*** Opening of Information supplied ***

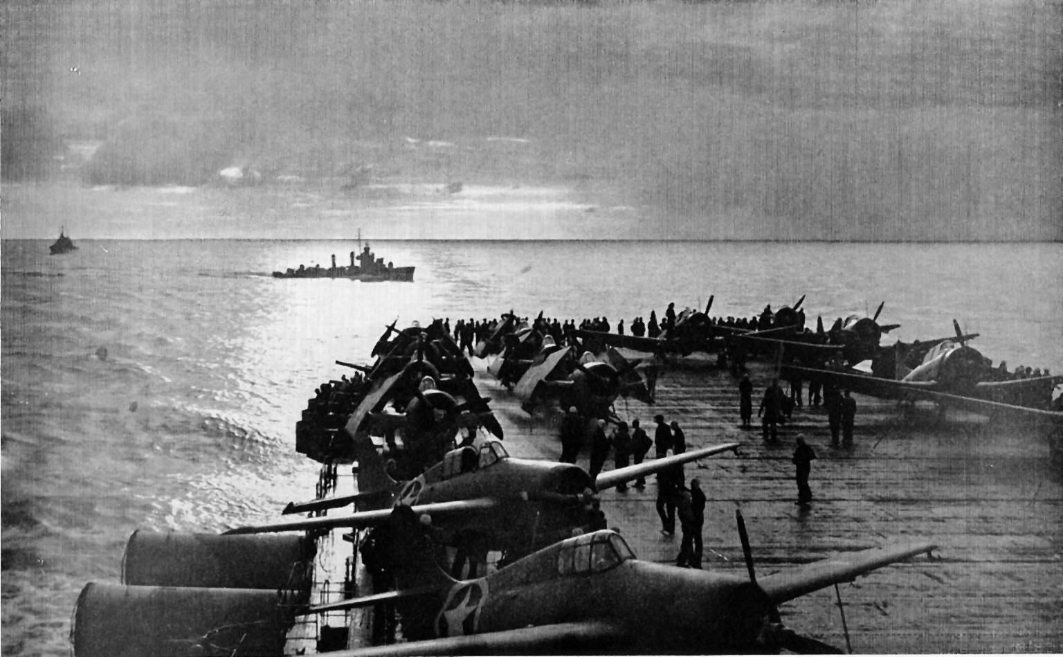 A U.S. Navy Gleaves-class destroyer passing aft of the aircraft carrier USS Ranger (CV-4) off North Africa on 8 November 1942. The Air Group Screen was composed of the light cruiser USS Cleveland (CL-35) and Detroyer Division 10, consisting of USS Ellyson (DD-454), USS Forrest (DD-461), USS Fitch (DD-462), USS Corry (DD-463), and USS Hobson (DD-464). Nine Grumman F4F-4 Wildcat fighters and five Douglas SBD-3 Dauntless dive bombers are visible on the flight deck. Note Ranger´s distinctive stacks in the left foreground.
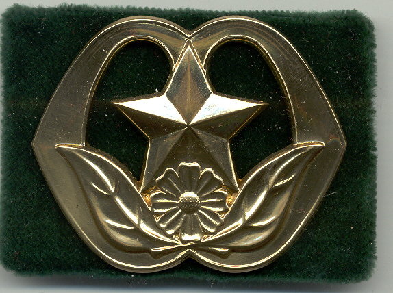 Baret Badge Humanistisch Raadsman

*** Close of Information supplied ***
*** Opening of Information supplied ***

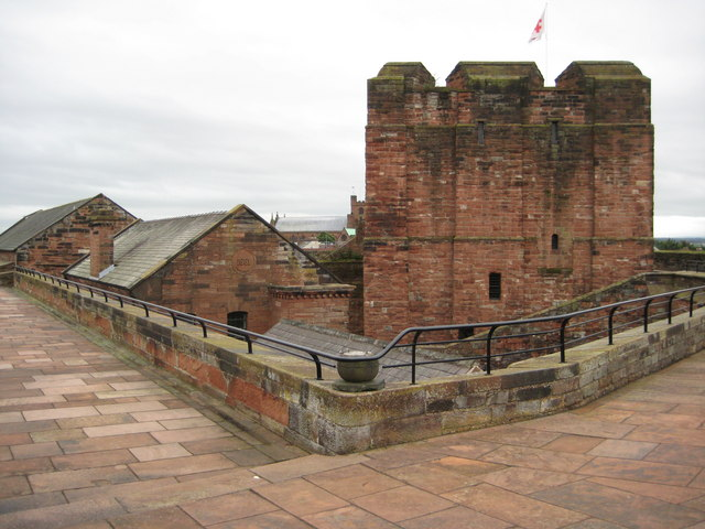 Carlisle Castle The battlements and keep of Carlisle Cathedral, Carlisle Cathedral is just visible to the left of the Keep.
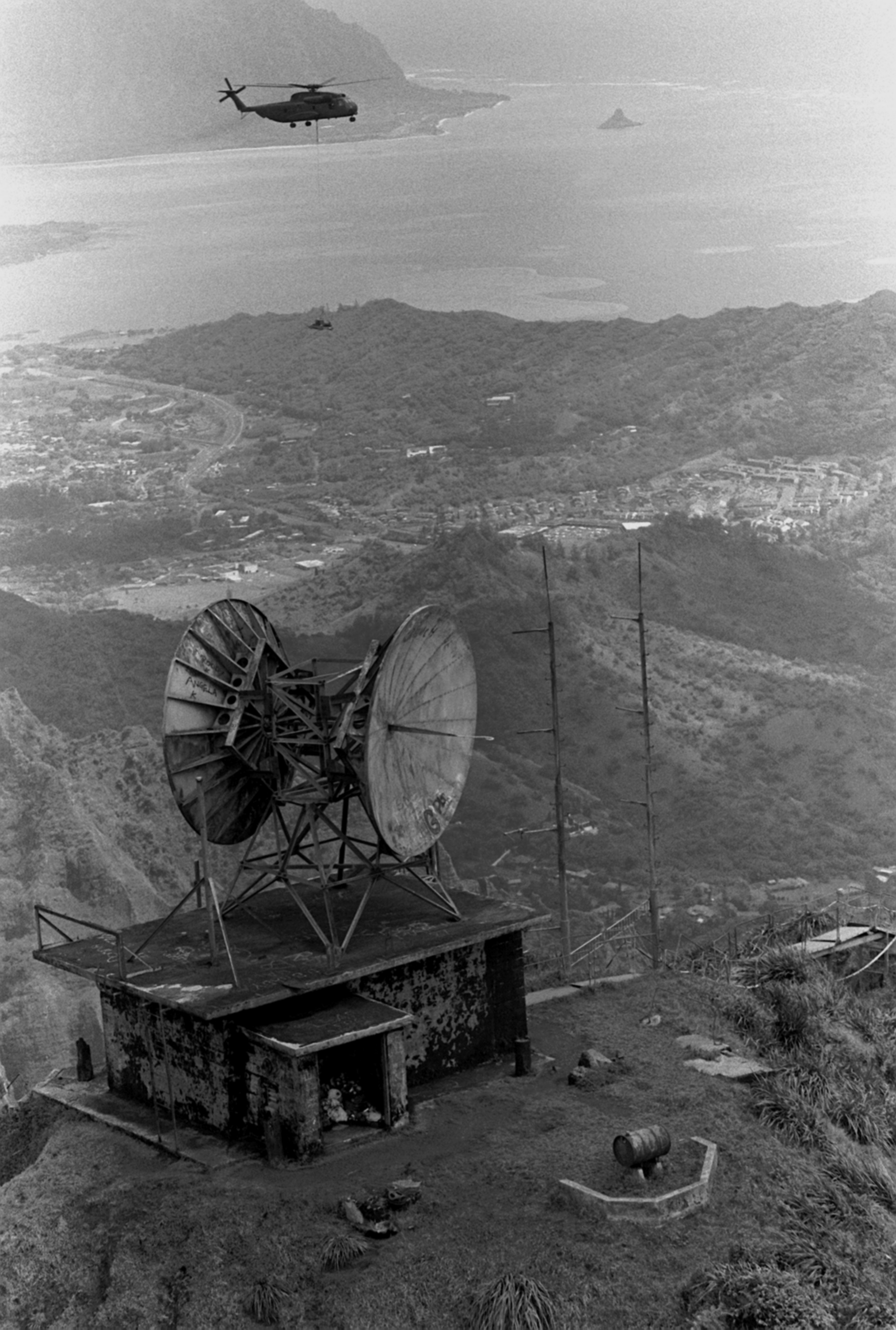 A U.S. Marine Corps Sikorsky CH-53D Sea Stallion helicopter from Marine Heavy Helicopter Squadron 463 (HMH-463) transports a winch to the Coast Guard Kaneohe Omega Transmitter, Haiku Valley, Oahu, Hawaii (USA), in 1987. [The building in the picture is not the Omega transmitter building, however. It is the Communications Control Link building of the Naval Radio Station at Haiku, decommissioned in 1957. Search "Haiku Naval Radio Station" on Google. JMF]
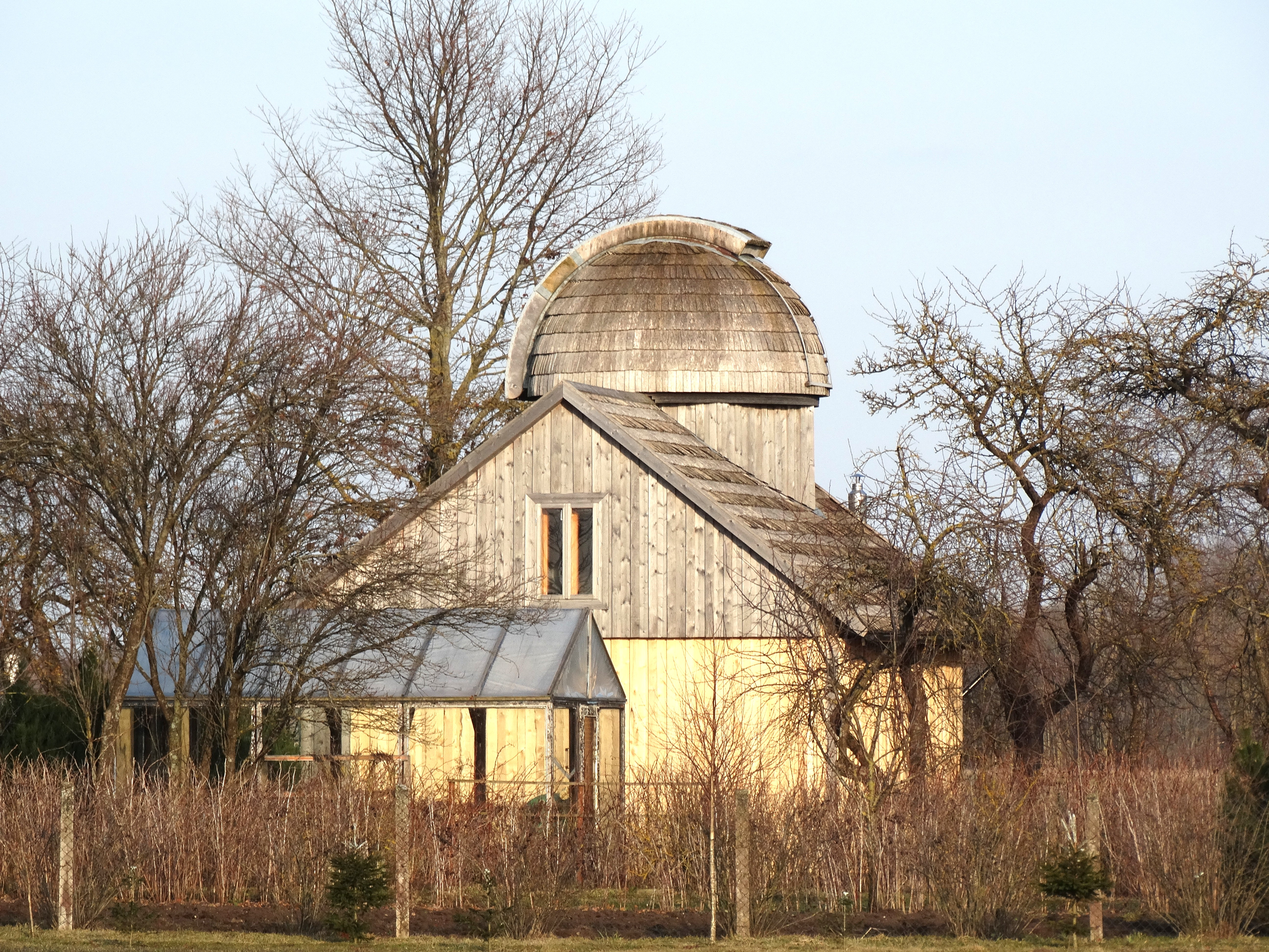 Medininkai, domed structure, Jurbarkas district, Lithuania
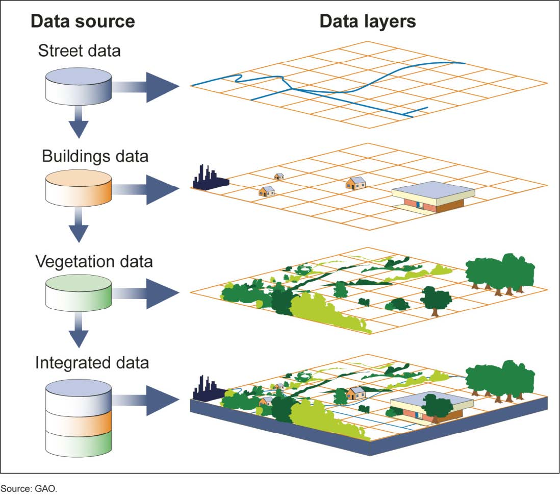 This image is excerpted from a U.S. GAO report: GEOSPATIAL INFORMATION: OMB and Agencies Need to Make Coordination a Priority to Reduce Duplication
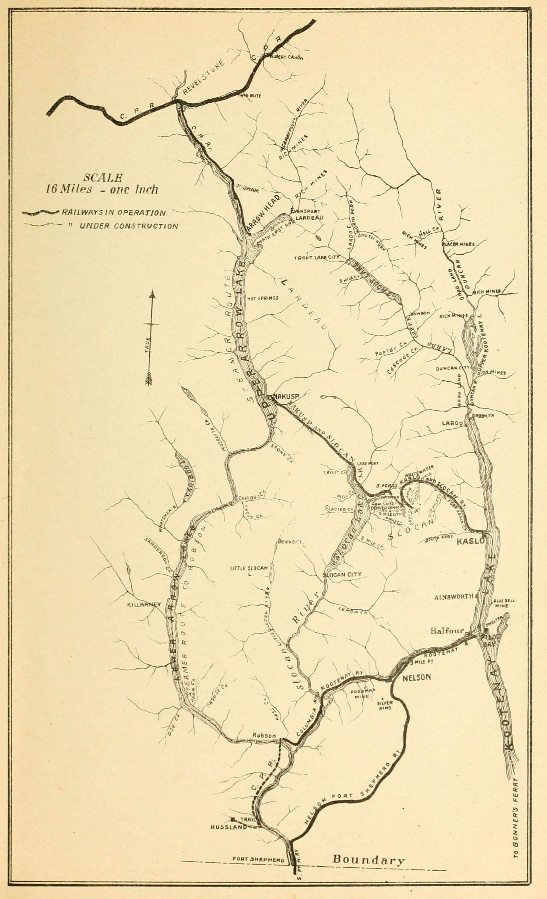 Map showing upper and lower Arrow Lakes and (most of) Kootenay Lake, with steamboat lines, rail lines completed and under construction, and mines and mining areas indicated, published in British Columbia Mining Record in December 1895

*** Close of Information supplied ***

An exact copy is needed of the stretch above that opens with the line containing "This image is" and closes with the line containing "Map showing upper"; the pictures are not part of it.

 This image is excerpted from a U.S. GAO report: GEOSPATIAL INFORMATION: OMB and Agencies Need to Make Coordination a Priority to Reduce Duplication
 Map showing upper and lower Arrow Lakes and (most of) Kootenay Lake, with steamboat lines, rail lines completed and under construction, and mines and mining areas indicated, published in British Columbia Mining Record in December 1895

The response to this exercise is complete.